Town- and city-folk would have bought professionally made feather mattresses from someone like Betsy Ross. People who lived on farms, or close to them, may have made their own from goose and duck feathers.

Servants and enslaved persons slept very simply

servant sleeping quarters in 1700s

Blandair Slave Quarters, Howard County, Maryland. Source: Public domain, via Wikimedia Commons

As you might imagine, there were no fancy featherbeds for servants or enslaved persons in 18th-century America. They often slept on the simplest straw or hay pallets on the floor.

In New England, servants slumbered in the hallways or even the unfinished cavities of the house or the attic space if there weren’t rudimentary quarters provided for them,” says Petten.

In the historic houses at Puddle Dock in Portsmouth NH that now make up the Strawbery Banke Museum, for example, servants and enslaved persons slept in the attic, even through cold winters.

Families covered their beds in layers and layers of blankets

blanket used to top mattresses in 1700s

American wool bed “rugg” made in Colchester, Connecticut, c. 1796. Source: Metropolitan Museum of Art.

In many homes in the 18th century, cotton or linen sheets, a counterpane (a.k.a. blanket or bedspread), and an intricately woven coverlet or embroidered quilt covered the bed. Chilly New Englanders often topped all of these off with something called a “bed rugg,” a thick, heavy spread made from looped wool, like a carpet.

“Bed and textiles were often the most dear and expensive items in the household,” says Coggan. “In fact, the bedroom in the Paul Revere house in Boston is referred to as the ‘best room,’ because all the family’s ‘best’ stuff was in that room.”

Every day, someone stripped these precious textiles from the beds to keep things sanitary, then remade them at night. “Beds were taken apart and aired daily, and the mattresses flipped,” explains Coggan. “It was a process that took two people and lots of time.” (You can see what she’s talking about at about the 32:00 mark of an episode of the BBC history series If Walls Could Talk.)

General Washington carried a collapsible bed to war

george washington's bed

George Washington’s camp bed, c. 1783. Source: The Henry Ford Museum in Dearborn, Michigan.

George Washington slept on foldable “camp beds” during the Revolutionary War.

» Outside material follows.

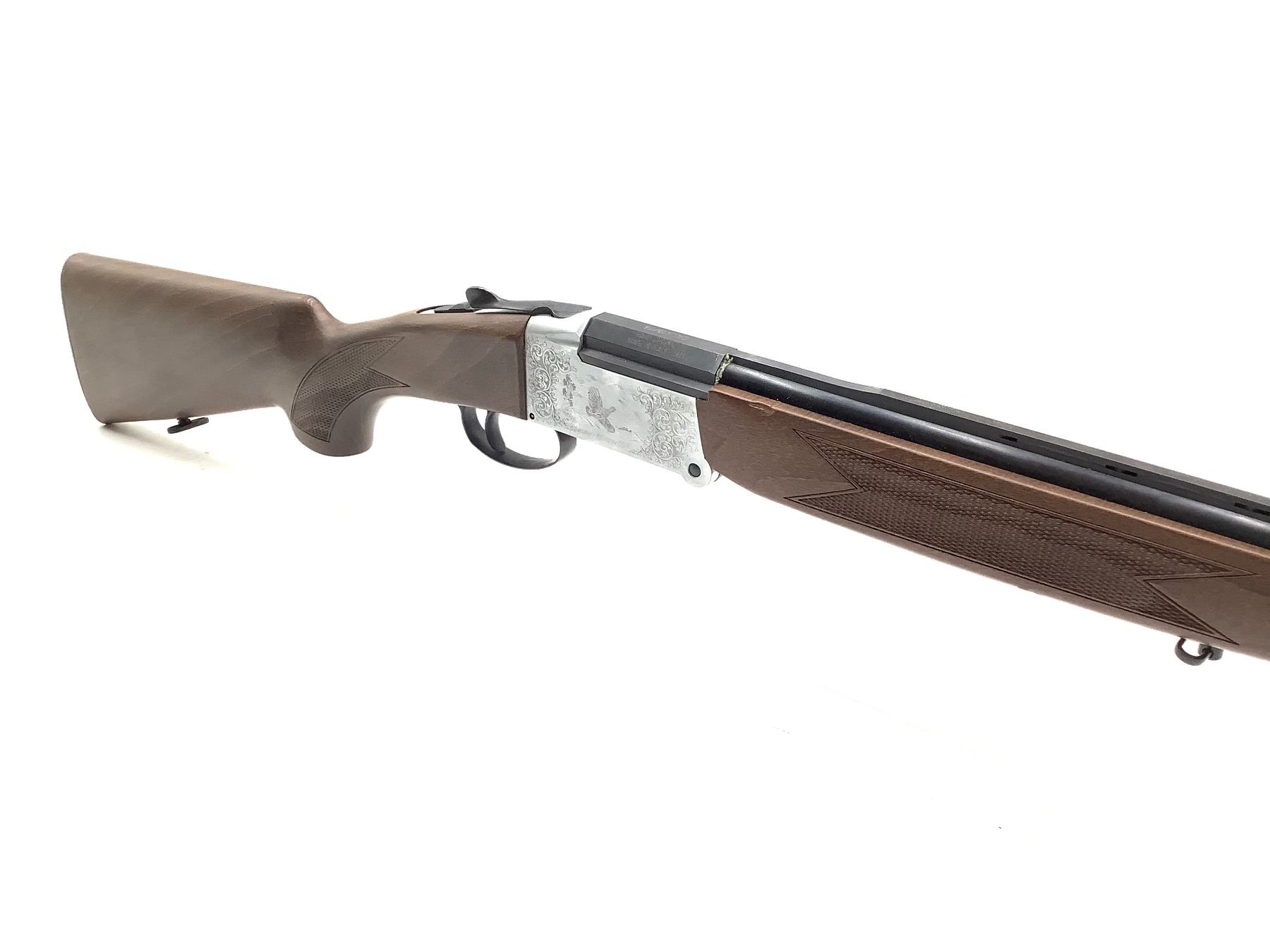 Investarm Over Under 410 Shotgun 3" Chambers 28" Barrels Wood Stock. Consignor indicates gun is very hard to open; may have issue with break open lever. Vent rib with bead sight. This is a non-restricted firearm.

He used this bed-in-a-trunk when he traveled to upstate New York to check up on troop encampments toward the end of the fighting. It’s currently on display at The Henry Ford Museum in Dearborn, Michigan.

FAQs

When was the first bed invented?

Scientists believe the first bed dates back over 77,000 years ago. According to research published in the journal Science, evidence of the first bed was found in South Africa. It was constructed from grass-like plants, topped with aromatic leaves, and contained chemicals to kill insects and larvae.

Who invented the sleeping bed?

Between 3,000 and 1,000 B.C., ancient Egyptians invented the first raised bed with legs shaped like animal feet. Made of wood, these beds kept the sleeper off the ground and prevent rodents, bugs, and other creepy-crawlies from getting into the bed.

What were the oldest mattresses made of?

The oldest mattresses were made of woven mats and animal skins, which served as bedding, with rolled mats for pillows. These were layered on wooden bedsteads.